I've noticed, though, that each editor has pet issues she tends to focus on. I had one editor who insisted on striking every instance of the word “that” introducing a dependent clause after a verb of sensation or thought. For example, if I wrote:
Henrietta thought that she'd never recover from Harold's treachery.
This editor would revise the sentence as:
Henrietta thought she'd never recover from Harold's treachery.
I agree the two sentence are equivalent in meaning, and the second is more concise than the first. However, sometimes the rhythm of a sentence requires the additional beat of that extra word. Furthermore, I like some variety in my sentence structures. So I accepted most of her edits, but retained a few “thats” where they seemed to fit.
Anyway, my most recent line editor really had a bee in her bonnet concerning “independent body parts”, often abbreviated as IBP.
In case you've never met the dreaded IBP, this term refers to sentences where some part of a character's body becomes the subject of an action verb. For example:
Her eyes followed him as he strode across the room.
His fingers crept up her thigh and under her skirt.
His tongue poked rudely into her mouth.
Some novice authors overuse this kind of sentence, often to the point of silliness. Because of this tendency, editors have become hypersensitive to these constructions, brandishing their red pen whenever one appears.
However, there is nothing a priori wrong with using a body part as a sentence subject in this way. This is an accepted category of figurative language. It even has a name:synecdoche. Synecdoche is the practice of referring to a part when you mean the whole, or vice versa.
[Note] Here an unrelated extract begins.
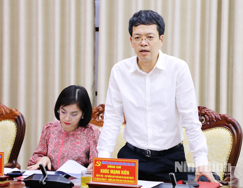 Đại diện lãnh đạo Báo và phát thanh, truyền hình Ninh Bình phát biểu tại hội nghị.

Sentences that are labeled as IBP are not intended to be construed literally. Of course her eyes stayed in her head as he walked across the room – no reasonable reader would think otherwise. Yes, most likely he was in control of those fingers – they weren't acting on their own - but the synecdoche focuses the readers' attention on the stealthy progress of those digits, perhaps even as their owner continues to converse in a normal way.
An occasional “IBP” sentence is not a flaw, in my opinion. When I construct my paragraphs, I do so deliberately, with an eye to diversity and flow. The alternative to using IBP is often to have every sentence beginning with a name or pronoun. This gets boring after a while.
The so-called rule about avoiding IBPs may be helpful to novice authors. The trouble is, it's really not a rule, anymore than the guidelines about avoiding passive voice are rules. English is a gloriously rich language with an enormous repertoire of sentence structures and rhetorical devices. An accomplished author should not shy away from using the ones that she believes her story needs.